Star Tribune

"Death panels" are a malicious lie promoted by those who want to see federal health care reform fail at any cost.

And yet this shameful falsehood triumphed this week with the spineless reversal of a key end-of-life-care decision by the U.S. Department of Health and Human Services.

HHS, tasked with implementing the 2010 Affordable Care Act (ACA), had made the courageous though incremental decision to tweak a Bush administration policy on planning end-of-life care.

In late 2008, the Bush administration, taking a cue from recently passed legislation, issued the federal rules outlining Medicare reimbursement for doctors who talk to their patients about what medical care is desired in the event the patient becomes deathly ill.

The change meant that this voluntary planning conversation -- one ensuring that a patient's individual wishes would be respected in his or her final days -- would be reimbursed by the federal Medicare program if the discussion took place during a patient's initial "Welcome to Medicare" physical exam.

The change by the Obama administration simply upped the frequency of reimbursement for this counseling -- something that opponents of health care reform had ludicrously said would lead to "death panels" of bureaucrats deciding who would live and die.

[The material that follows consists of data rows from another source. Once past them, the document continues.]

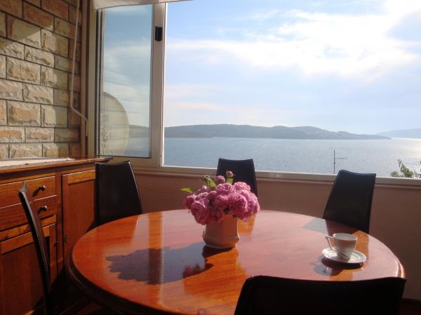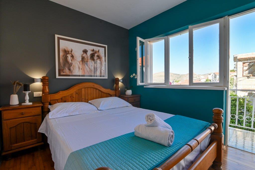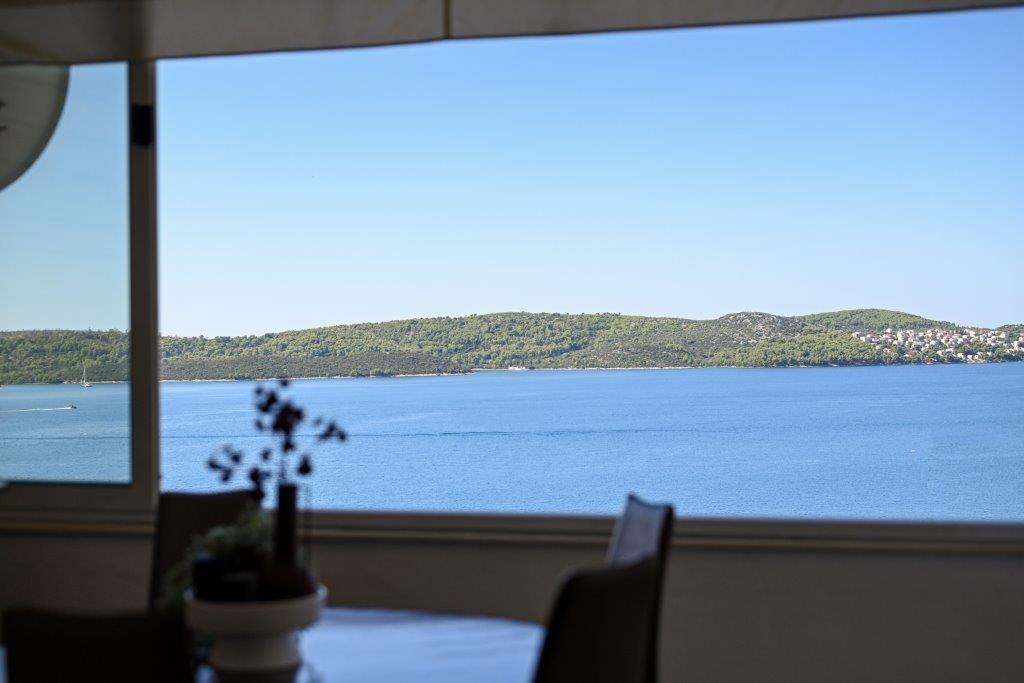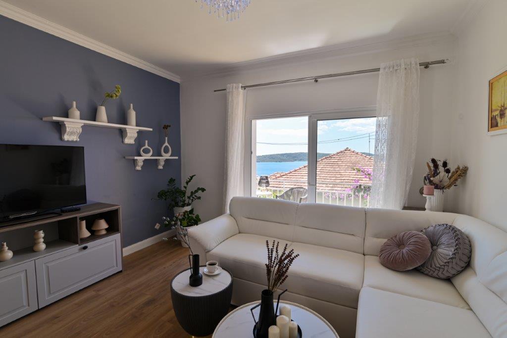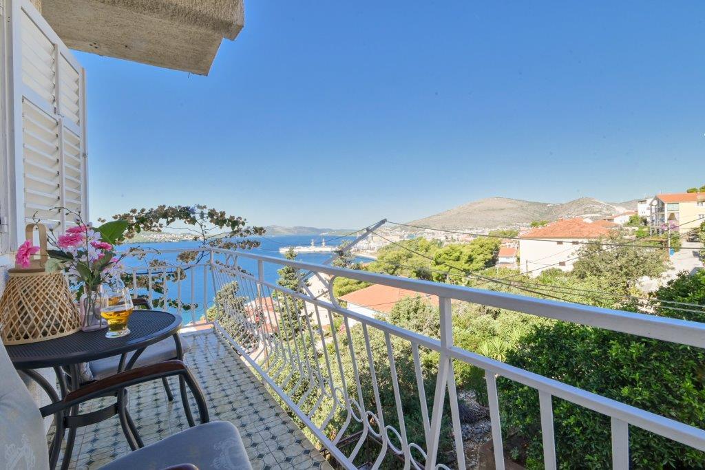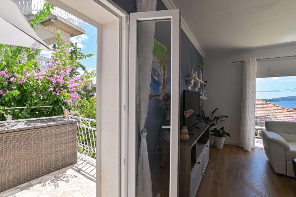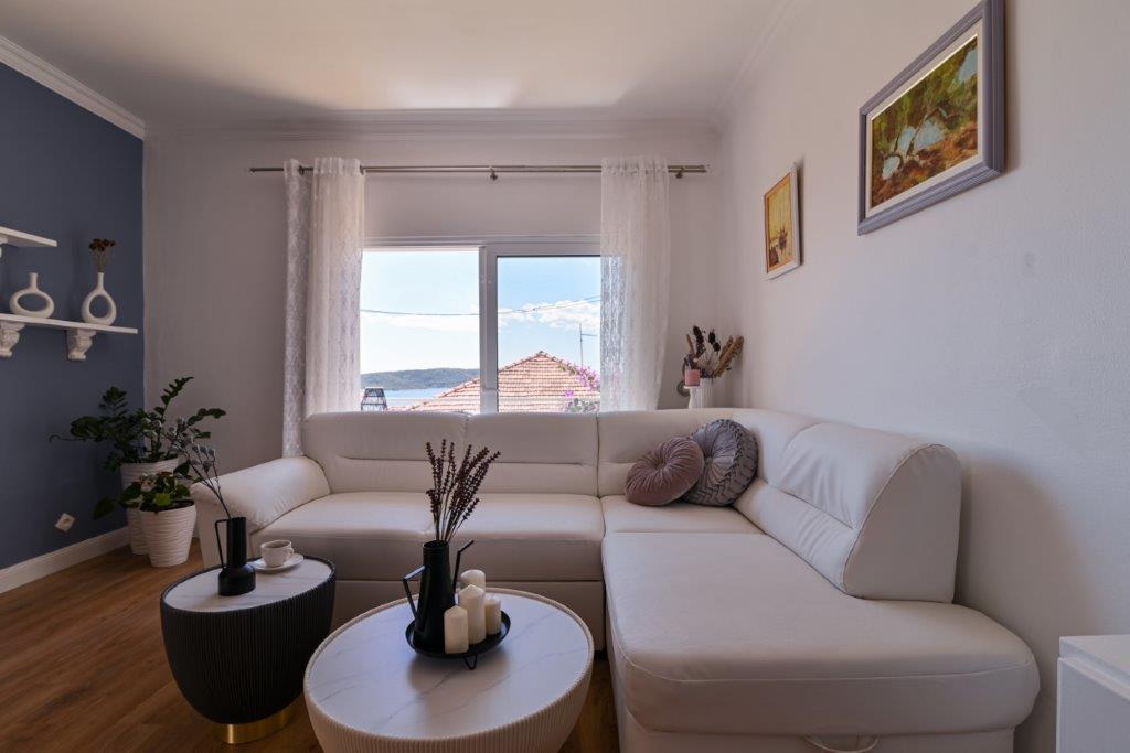 Jest to dom z tekskluzivna mieszkań. Znajduje się w atrakcyjnej części miasta. W południowej części wyspy Ciovo (połączone mostem na brzeg i pięknego miasta Trogir (UNESCO)). Dom położony jest w dzielnicy Mirnyi, z dala od morza (plaża z sosny), niektóre 200m z atrakcyjnej plaży miejskiej w Okrug Gornji około 700m. Odległość od restauracji i sklepów zostało zakończone 150m, szpital, poczta, a wszystkie obiekty są położone w centrum miasta, które znajduje się około 15 minut. chodzenia i około 5 km od lotniska Split (oferowane transport z lotniska po wcześniejszym uzgodnieniu z właścicielami). Dom ma dwa mieszkania. Każdy z nich jest w pełni wyposażone i mają wspaniały widok na morze. Jednym z nich jest podzielone na 4 gwiazdki. Znajduje się na parterze posiada taras i dwa balkony. 2 sypialnie, pokój dzienny z rozkładaną sofą, jadalnią i kuchnią i 2 łazienkami. Wyposażona w pełni (klimatyzacja, Wi-Fi, telewizja satelitarna, pralka, wszystkie urządzenia kuchenne, parking ... a. Drugi znajduje się w kategorii 3 gwiazdki. On jest pierwszym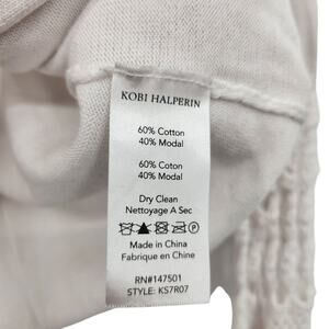 Elevate your wardrobe with this beautiful Kobi Halperin cardigan. This stylish cardigan features delicate crochet lace sleeves and a flattering front tie closure. Made from a comfortable cotton modal blend, it's perfect for layering and adding a touch of sophistication to any outfit.
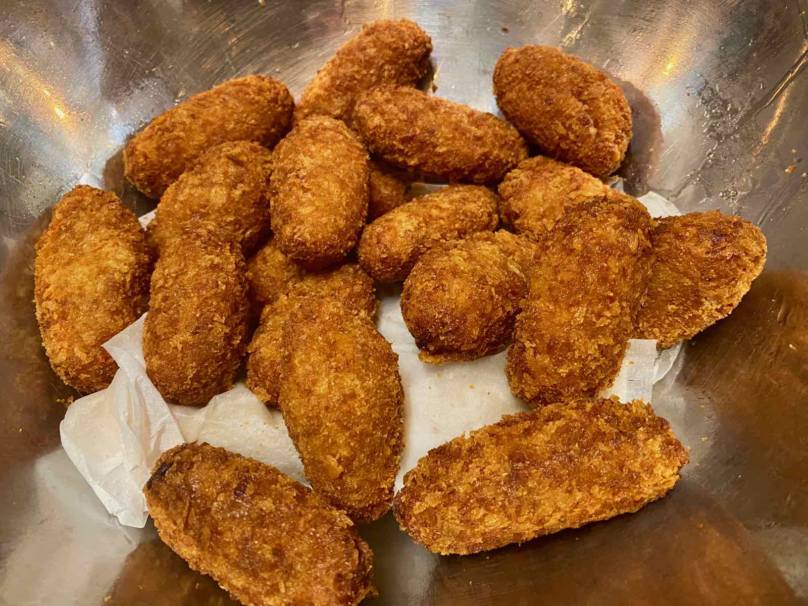 Perso, je me suis contentée de déguster et de comparer ces croquettes, à la fois semblables et si différentes d’aspect, de goût et de croustillance (je crois que je viens d’inventer un mot, hourrah !).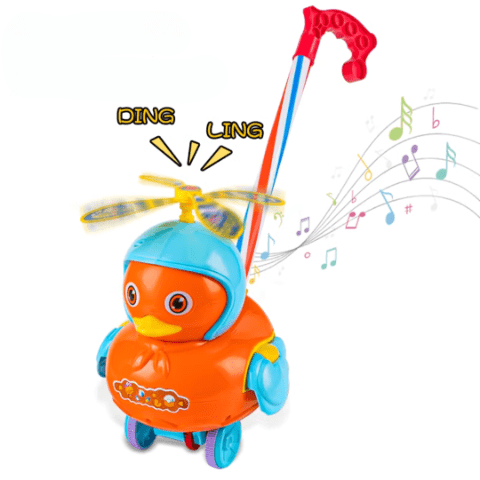 Această rață colorată și interactivă este ideală pentru primii pași ai bebelușului tău, încurajând mișcarea și dezvoltarea motorie.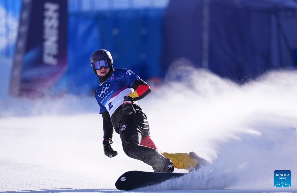 Leon Ulbricht of Germany competes during the snowboard men's cross seeding run at the Milan-Cortina 2026 Olympic Winter Games in Livigno, Italy, Feb. 12, 2026. (Xinhua/Wu Huiwo)

Those who actually bothered to look at the facts would have gleaned the truth about this minor policy change from a previous, Republican administration.

Instead of reimbursing end-of-life-care planning once when a patient entered Medicare, this consultation would have been reimbursed during Medicare's "Annual Wellness Visit."

From a practical standpoint, more frequent reimbursement would give physicians greater incentive to bring up this difficult-to-talk-about topic. And it would give patients more of an opportunity to customize and change their preferences.

This was a sensible and compassionate policy.

So why did the Obama administration cede the moral high ground?

On Wednesday, four days after the change took effect, HHS officially announced it was removing the regulatory language that specifically references coverage for end-of-life-care consultations during annual wellness visits.

Doctors, however, are free to talk with patients about this. The consultations are still covered during the patient's initial "Welcome to Medicare" exam.

The explanation for the policy about-face was pure bureaucratic mumbo-jumbo. HHS officials officially said they hadn't followed bureaucratic steps to give the public enough time to comment on the change.

The reality is that this was done out of cowardice.

It's clear there were fears that Congressional Republicans would exercise their option to do a regulatory review of the new policy and make political hay by conjuring up the old, deceitful death panel argument first promulgated on former Alaska Gov. Sarah Palin's Facebook page.

HHS Secretary Kathleen Sebelius and her agency ignominiously ran instead of fighting with the truth.

The real blame, however, lies with those who irresponsibly spread the death panel garbage and those who willingly swallow it.

Voluntary end-of-life-care planning is widely supported by medical professionals. It is meant to ease the last days of a Medicare patient and their families.

The inability to have a factual, rational discussion about this issue is a national embarrassment.